**AVAILABLE DATA**
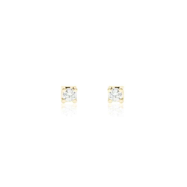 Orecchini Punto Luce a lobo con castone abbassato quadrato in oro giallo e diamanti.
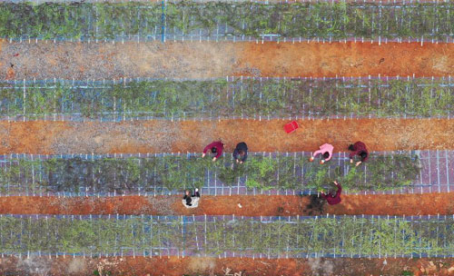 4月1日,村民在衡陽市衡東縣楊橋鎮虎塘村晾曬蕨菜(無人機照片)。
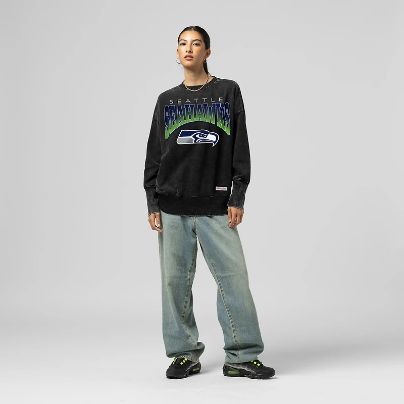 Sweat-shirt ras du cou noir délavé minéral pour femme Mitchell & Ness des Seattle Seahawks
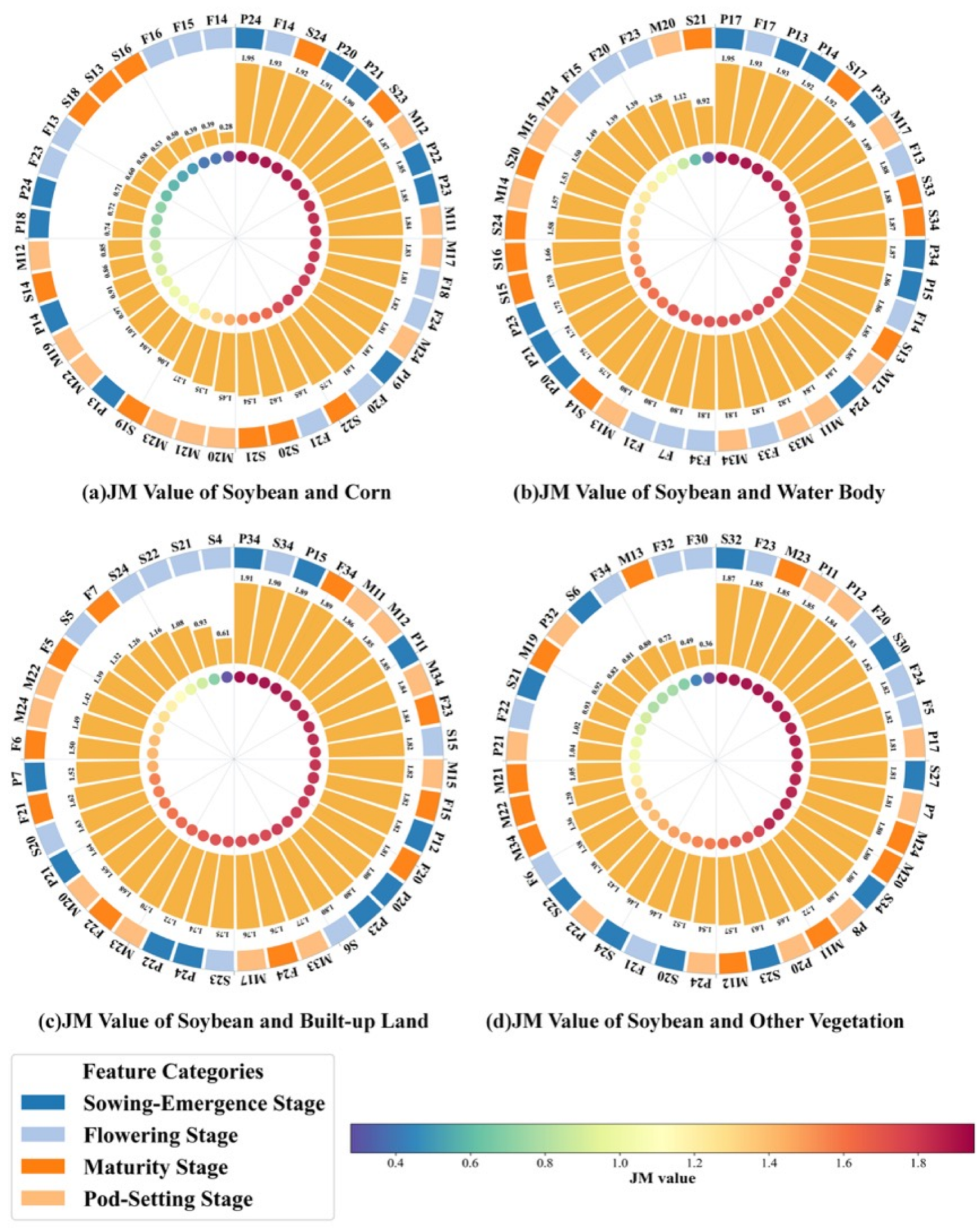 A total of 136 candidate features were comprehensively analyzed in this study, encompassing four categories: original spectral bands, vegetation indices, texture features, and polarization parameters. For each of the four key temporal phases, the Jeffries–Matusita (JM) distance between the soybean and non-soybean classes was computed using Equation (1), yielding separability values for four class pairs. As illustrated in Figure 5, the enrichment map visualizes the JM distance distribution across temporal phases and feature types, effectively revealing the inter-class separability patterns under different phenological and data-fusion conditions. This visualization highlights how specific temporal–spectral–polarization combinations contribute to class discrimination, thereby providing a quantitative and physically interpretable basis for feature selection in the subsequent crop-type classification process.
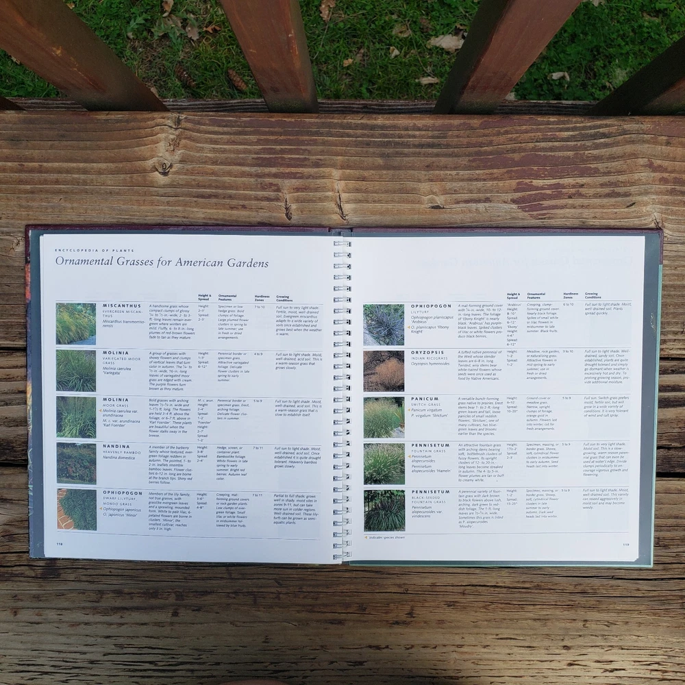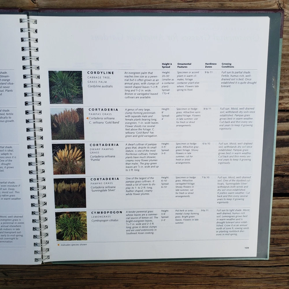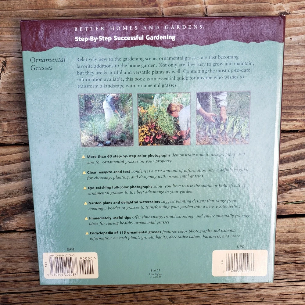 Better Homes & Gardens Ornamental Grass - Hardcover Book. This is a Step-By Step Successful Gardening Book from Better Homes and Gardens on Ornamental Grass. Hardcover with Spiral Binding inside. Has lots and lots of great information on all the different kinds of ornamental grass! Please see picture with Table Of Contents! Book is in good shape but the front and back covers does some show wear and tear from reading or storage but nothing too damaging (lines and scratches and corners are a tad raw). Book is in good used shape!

**TASK TO CARRY OUT**
In the copy, include each line from the start of the material through the line with "Sweat-shirt ras du", word for word, but none of the pictures.

**RESULT OF THIS TASK**
 Orecchini Punto Luce a lobo con castone abbassato quadrato in oro giallo e diamanti.
 4月1日,村民在衡陽市衡東縣楊橋鎮虎塘村晾曬蕨菜(無人機照片)。
 Sweat-shirt ras du cou noir délavé minéral pour femme Mitchell & Ness des Seattle Seahawks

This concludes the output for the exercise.